Stored data →
::::::
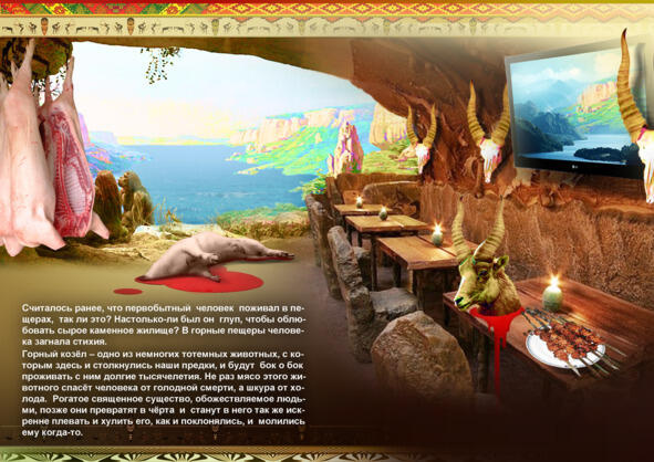 Горный козёл одно из немногих тотемных животных, с которым здесь и столкнулись наши предки, и будут бок о бок проживать с ним долгие тысячелетия. Не раз мясо этого животного спасёт человека от голодной смерти, а шкура от холода. Козлы скалолазы с глубокой древности проживали в горах, куда их тоже загнала стихия воды, где и познакомились они с человеком.
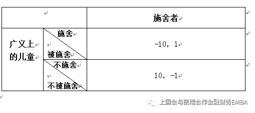 针对这一问题,第五组的学员给出了他们的答案。小组代表坦言,在讨论过程中大家是有不同看法的。但大多数成员在回答这个问题时会考虑两个维度——施舍者在施舍后都得到了良心安慰(+1),反之,不施舍则受到良心谴责(-1);广义上的儿童(并不是指被施舍的儿童而是指对儿童这个整体),假设这些乞讨的儿童绝大多数不是天生残疾而是犯罪机构使他们后天致残以求得利益的一种变态商业行为,那么在获得施舍的情况下,广义上的儿童受到的是一种巨大的负面效应,相应的会打出绝对值非常大的负分(-10),反之不施舍则会抑制这种变态而不人道的商业行为(10)。所以,基于以上得出的最优反应是不施舍。
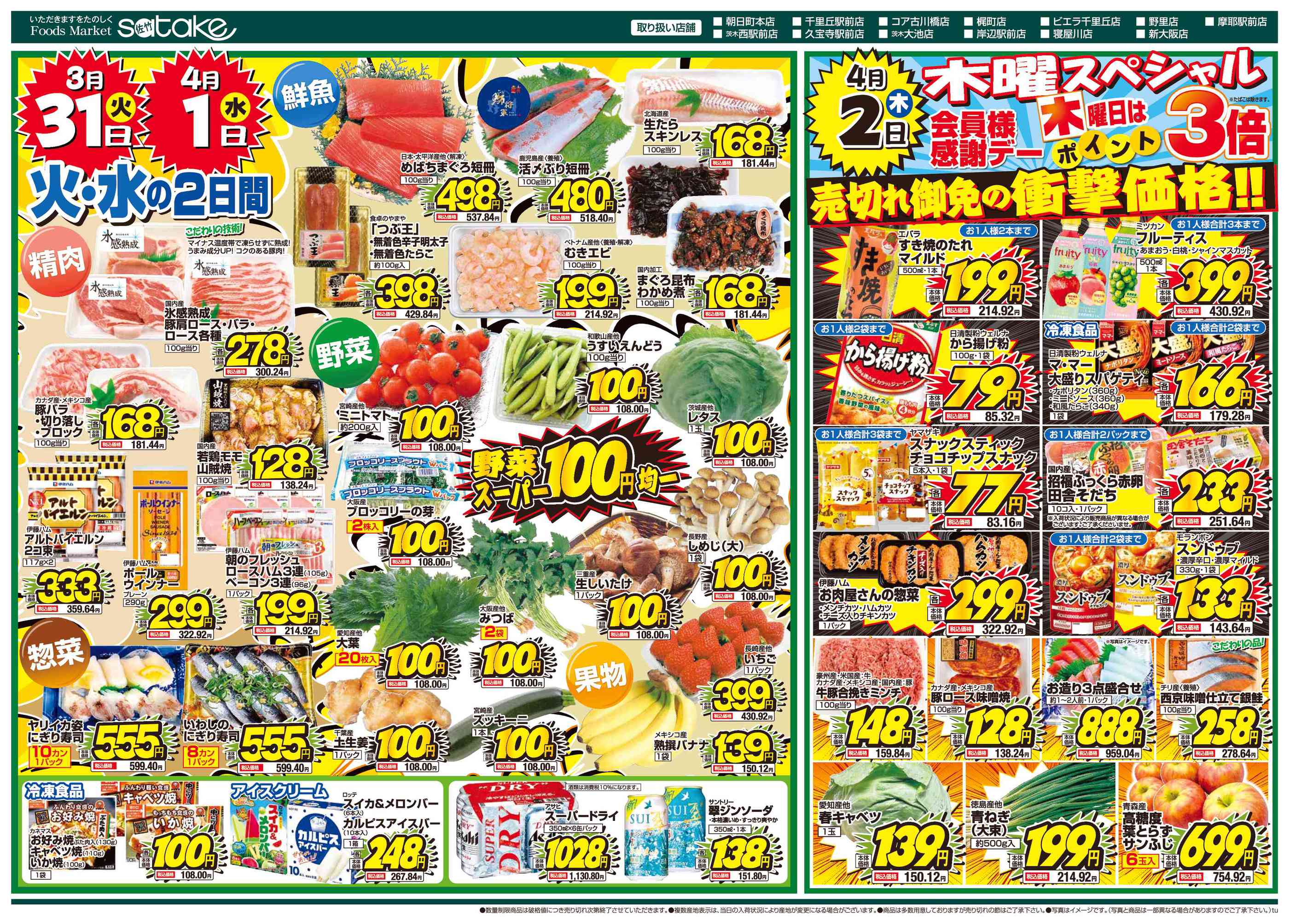 フーズマーケットサタケビエラ千里丘店今週のチラシ(2026年3月30日〜4月5日)
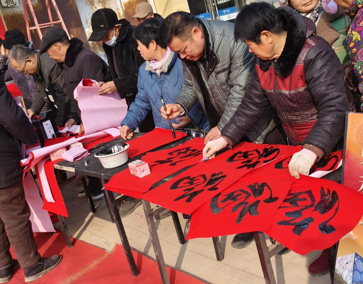 “千門萬(wàn)戶曈曈日,總把新桃換舊符?!辟N春聯(lián)作為我國(guó)春節(jié)的傳統(tǒng)習(xí)俗,寓意著辭舊迎新、祈福納祥。活動(dòng)現(xiàn)場(chǎng),紅紙鋪展,墨香四溢,書法老師們揮毫潑墨,一副副散發(fā)著清新墨香的春聯(lián)和“?!弊周S然紙上。村民們圍聚在桌旁,紛紛挑選自己心儀的春聯(lián)和“?!弊帧?/p>
::::::
Problem to solve → Transcribe all of the material exactly and leave out its pictures.

Expected output →
 Горный козёл одно из немногих тотемных животных, с которым здесь и столкнулись наши предки, и будут бок о бок проживать с ним долгие тысячелетия. Не раз мясо этого животного спасёт человека от голодной смерти, а шкура от холода. Козлы скалолазы с глубокой древности проживали в горах, куда их тоже загнала стихия воды, где и познакомились они с человеком.
 针对这一问题,第五组的学员给出了他们的答案。小组代表坦言,在讨论过程中大家是有不同看法的。但大多数成员在回答这个问题时会考虑两个维度——施舍者在施舍后都得到了良心安慰(+1),反之,不施舍则受到良心谴责(-1);广义上的儿童(并不是指被施舍的儿童而是指对儿童这个整体),假设这些乞讨的儿童绝大多数不是天生残疾而是犯罪机构使他们后天致残以求得利益的一种变态商业行为,那么在获得施舍的情况下,广义上的儿童受到的是一种巨大的负面效应,相应的会打出绝对值非常大的负分(-10),反之不施舍则会抑制这种变态而不人道的商业行为(10)。所以,基于以上得出的最优反应是不施舍。
 フーズマーケットサタケビエラ千里丘店今週のチラシ(2026年3月30日〜4月5日)
 “千門萬(wàn)戶曈曈日,總把新桃換舊符?!辟N春聯(lián)作為我國(guó)春節(jié)的傳統(tǒng)習(xí)俗,寓意著辭舊迎新、祈福納祥。活動(dòng)現(xiàn)場(chǎng),紅紙鋪展,墨香四溢,書法老師們揮毫潑墨,一副副散發(fā)著清新墨香的春聯(lián)和“?!弊周S然紙上。村民們圍聚在桌旁,紛紛挑選自己心儀的春聯(lián)和“?!弊帧?/p>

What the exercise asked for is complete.